音は耳の中でどのように伝わるのか?
外耳
耳介(ピンナ):目に見える外側の部分で音波を集め、耳道へ導きます。
外耳道:管状の通路を通って音波は中耳へと向かいます。
中耳
鼓膜(耳たぶ):音波の振動が鼓膜を揺らし、音の周波数に応じた振動を生み出します。
耳小骨(槌骨・砧骨・鐙骨):鼓膜の振動は三つの小さな骨、すなわち槌骨(ハンマー)、砧骨(アンビル)、鐙骨(スタジオ)に伝わり、振幅を増幅します。
内耳
卵円窓:増幅された振動は鐙骨を通じて卵円窓へ伝わり、内耳と中耳を分ける膜を開きます。

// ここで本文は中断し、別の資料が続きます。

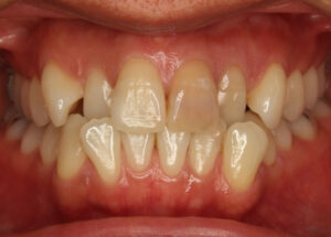 初診時口腔内。転倒により左右の上顎中切歯2本を強打して歯冠歯根破折を生じ、近医にて応急処置を受けた。歯肉からの悪臭、疼痛および審美障害を訴え来院。前歯部の噛み合わせが深く(過蓋咬合)、下顎前歯はほとんど見えない。このようなケースでは、矯正装置を装着することが困難なため、矯正的挺出を行うことは難しい。
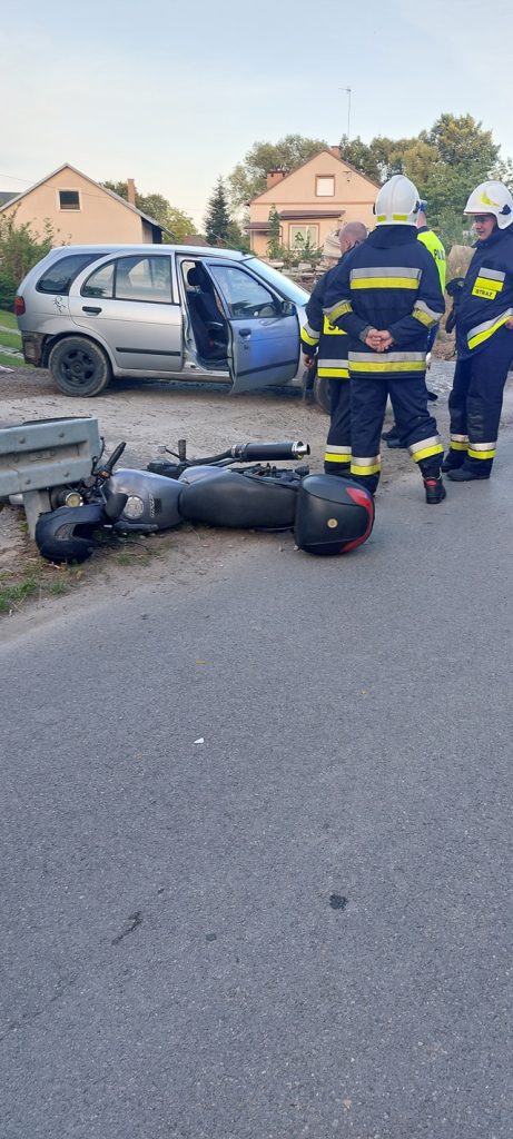 20.06.2024r. Siedleczka. Zderzenie samochodu osobowego z motocyklem. W wyniku zdarzenia jedna osoba została poszkodowana i przetransportowana przez ZRM do szpitala.

蝸牛:卵円窓の奥にある螺旋状の液体で満たされた構造で、音情報の変換が行われます。
基底膜:蝸牛内を長く走る膜で、周波数ごとに異なる位置が共鳴します。
有毛細胞:基底膜上に並ぶ微細な毛(繊毛)を持つ細胞で、神経線維と接続しています。
液体波:卵円窓から伝わった振動が蝸牛液を波動させ、基底膜を波立たせます。
周波数検出:音の周波数に応じて基底膜上の特定部位が振動し、対応する有毛細胞が刺激されて神経インパルスが生成されます。
聴神経と脳
神経インパルス:有毛細胞が機械的振動を電気信号に変換し、聴神経を通じて脳へ送られます。
脳の処理:大脳皮質の聴覚野が信号を解析し、音の高さ、強さ、音色を認識・理解します。
この一連のプロセスは極めて高速に進行し、私たちは日常のさまざまな音を瞬時に感じ取り、コミュニケーションや音楽、環境認識に活用しています。